21-04-2025
Study Shows Experienced Humans Can Spot Text Created By AI
In this, the generation of generative AI, it's been proven several times that people aren't especially good at telling whether written material was spit out by an AI bot or through a labor of human love.
The general inability to tell real McCoy from OpenAI has been a disaster for teachers, who've been overcome by AI-crafted homework and test answers, destroying what it means to earn an education. But they are not alone, as AI text has diluted every form of written communication. In this dynamic, where humans have proven to be unreliable at spotting AI text, dozens of companies have sprung up selling AI detection. Dozens more companies have been created to help the unscrupulous avoid being detected by those systems.
But new research from Jenna Russell, Marzena Karpinska, and Mohit Iyyer of the University of Maryland, Microsoft, and the University of Massachusetts, Amherst, respectively, shows that, on the essential job of detecting AI-created text, people may not be useless after all. The research team found that people who frequently use AI to create text can be quite good at spotting it.
In the study, the team asked a group of five humans to review three types of text – human written, AI created, and AI created but then altered or edited by systems that are designed to fool automated AI detectors. The last set is especially important because other tests have shown that editing text created by AI can confuse or degrade the accuracy of even the better AI detection systems.
Their headline finding is 'that annotators who frequently use LLMs for writing tasks excel at detecting AI-generated text, even without any specialized training or feedback.' The research found that experienced humans reliably detected AI text even after it had been altered and edited, and that – with one exception – the human investigators outperformed every automated detection system they tested. The exception was AI detection provider Pangram, which matched the 'near perfect detection accuracy' of the humans.
According to the research paper, Pangram and the human experts were 99.3% accurate at spotting text created by AI and 100% accurate at picking out the human text as human.
That experienced humans may be able to reliably detect output from AI bots is big news, but don't get too excited or think that we won't need computer-based AI detectors anymore.
For one, this paper asked the experienced humans to vote on whether written work was AI or not, using a majority vote of five experts to stand as the indicator. That means that to be really accurate at picking the automated from the authentic took five people, not one.
This is from the paper, 'The majority vote of our five expert annotators substantially outperforms almost every commercial and open-source detector we tested on these 300 articles, with only the commercial Pangram model matching their near-perfect detection accuracy.'
In fact, if you were to pit one single experienced human detector against the best automated system, Pangram was still more accurate. The automated detector, 'outperforms each expert individually,' says the paper.
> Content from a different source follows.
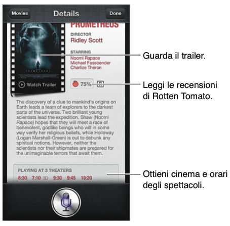 Chiedi a Siri i film in uscita nelle sale o in quale sala puoi vedere un determinato film. Scopri quando è uscito un film, chi l’ha diretto e quali premi ha vinto. Siri ti propone i cinema, gli orari degli spettacoli e le recensioni direttamente da Rotten Tomato.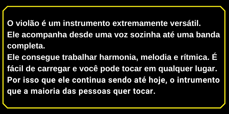 “Eu sempre amei escutar músicas mas nunca pensei que pudesse aprender a tocá-las até conhecer e começar a ter aulas no instituto. As aulas tem sempre uma vibe muito descontraída, o que deixa todo o processo de aprendizado muito mais leve e prazeroso. Não posso deixar de falar do meu professor André, que tem muita paciência comigo que estou aprendendo, além de sempre me incentivar a praticar mais.

And, somewhat troubling, the paper also says that individual human AI sleuths, on average, indicated that human written text was written by AI 3.3% of the time. For a single human reviewer, that false positive rate could be a problem when drawn over hundreds or even thousands of papers.
Moreover, while a group of experienced human reviewers were more accurate than a single human reviewer, hiring five people to review each and every writing composition is wildly impractical, which the study's authors concede. 'An obvious drawback is that hiring humans is expensive and slow: on average, we paid $2.82 per article including bonuses, and we gave annotators roughly a week to complete a batch of 60 articles,' the paper reports.
There aren't many settings in which $2.82 and a week's time – per paper – are plausible.
Still, in the world where parsing auto-bot text from real writing is essential, the paper has three important contributions.
First, finding that humans, experienced humans, can actually spot AI text is a significant foundation for further discussion.
Second, as the paper points out, human AI detectors have a real advantage over automated systems in that they can articulate why they suspect a section of text is fake. Humans, the report says, 'can provide detailed explanations of their decision-making process, unlike all of the automatic detectors in our study.' In many settings, that can be quite important.
Finally, knowing humans can do this – even a panel of humans – may afford us a viable second opinion or outside double-check on important cases of suspected AI use. In academic settings, scientific research, or intellectual property disputes as examples, having a good AI detector and a different way to spot likely AI text, could be deeply valuable, even if it takes longer and costs more.
In education settings, institutions that care about the rigor and value of their grades and degrees, could create a two-tier review system for written work – a fast, high-quality, and accurate automated review, followed by a human panel-like review in cases where authenticity is contested. In such a system, a double-verified finding could prove conclusive enough to take action, thereby protecting not only the schools and teachers, but also protecting the honest work of human writers, and the general public.